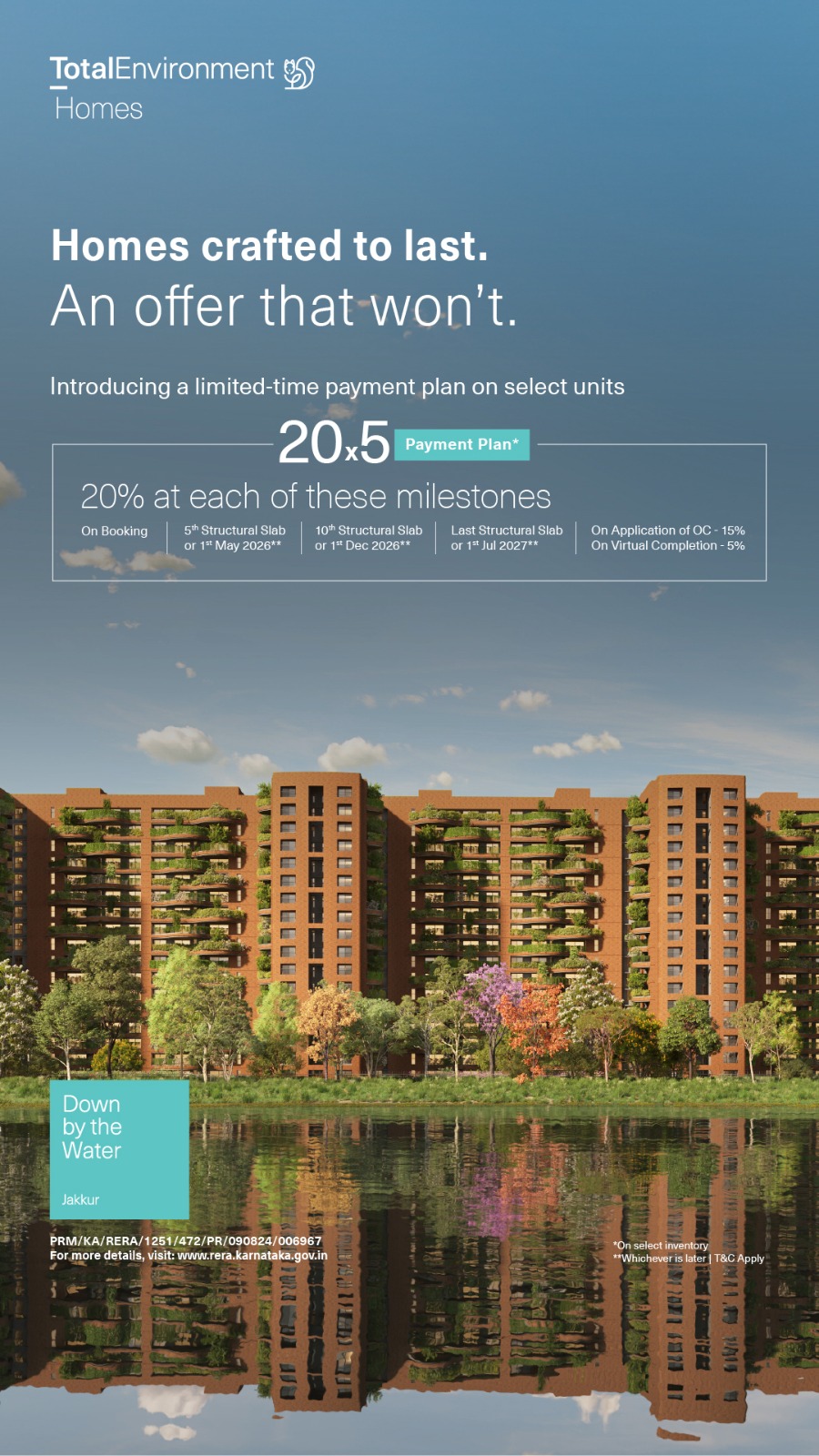 Welcome to Total Environment Down by the Water, an exciting project crafted by Total Environment Homes. Situated adjacent to the serene Jakkur Lake in Bangalore, this development promises a harmonious blend of nature and luxury living. The project's concept revolves around creating beautiful homes adorned with green roofs, ensuring not just aesthetic appeal but also environmental sustainability.
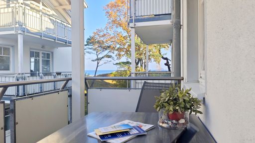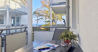 Die Ferienwohnung "Strandperle" ist eine exklusive Unterkunft im Strandhaus Juliusruh. Sie liegt direkt hinter der Düne des Ostseebades Breege/Juliusruh. Sie besitzt 2 Balkone. Durch die Lage im 2. Obergeschoss schauen Sie vom Ost-Balkon weit über den Sandstrand der Schaabe und die Ostsee. Der Südbalkon liegt geschützt. Dort lässt es sich auch bei etwas mehr Wind gemütlich in der Sonne relaxen. Die Wohnung ist hochwertig und ausgesprochen geschmackvoll und modern eingerichtet. In den Wohnbereich mit Couchecke, Sessel, Flatscreen-TV und Essbereich ist eine Küche integriert. Auch von hier aus erfreut Sie der einmalige Blick auf das Meer. Das Schlafzimmer verfügt über ein Doppelbett und grenzt an den Südbalkon.
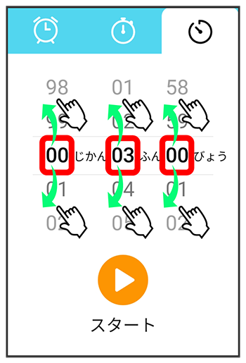 カウントダウンする時間を上下にフリックして選択
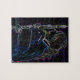 Fotografiet ändras till en abstrakt av en kurvkontur för en unik medlem av ett marschband för hondjur i profilen, med hennes hatt i ena handen och ett klarinett i den andra.
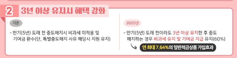 - 3년 이상 유지하면 중도 해지 시에도 60% 기여금 환급 + 이자 비과세 유지

* * * * * * * * *

WHAT YOU HAVE TO DO: Everything from the line holding "an den Südbalkon." to the close of the records should be written out exactly, both ends included, with pictures omitted.

PROBLEM SOLUTION:
 Die Ferienwohnung "Strandperle" ist eine exklusive Unterkunft im Strandhaus Juliusruh. Sie liegt direkt hinter der Düne des Ostseebades Breege/Juliusruh. Sie besitzt 2 Balkone. Durch die Lage im 2. Obergeschoss schauen Sie vom Ost-Balkon weit über den Sandstrand der Schaabe und die Ostsee. Der Südbalkon liegt geschützt. Dort lässt es sich auch bei etwas mehr Wind gemütlich in der Sonne relaxen. Die Wohnung ist hochwertig und ausgesprochen geschmackvoll und modern eingerichtet. In den Wohnbereich mit Couchecke, Sessel, Flatscreen-TV und Essbereich ist eine Küche integriert. Auch von hier aus erfreut Sie der einmalige Blick auf das Meer. Das Schlafzimmer verfügt über ein Doppelbett und grenzt an den Südbalkon.
 カウントダウンする時間を上下にフリックして選択
 Fotografiet ändras till en abstrakt av en kurvkontur för en unik medlem av ett marschband för hondjur i profilen, med hennes hatt i ena handen och ett klarinett i den andra.
 - 3년 이상 유지하면 중도 해지 시에도 60% 기여금 환급 + 이자 비과세 유지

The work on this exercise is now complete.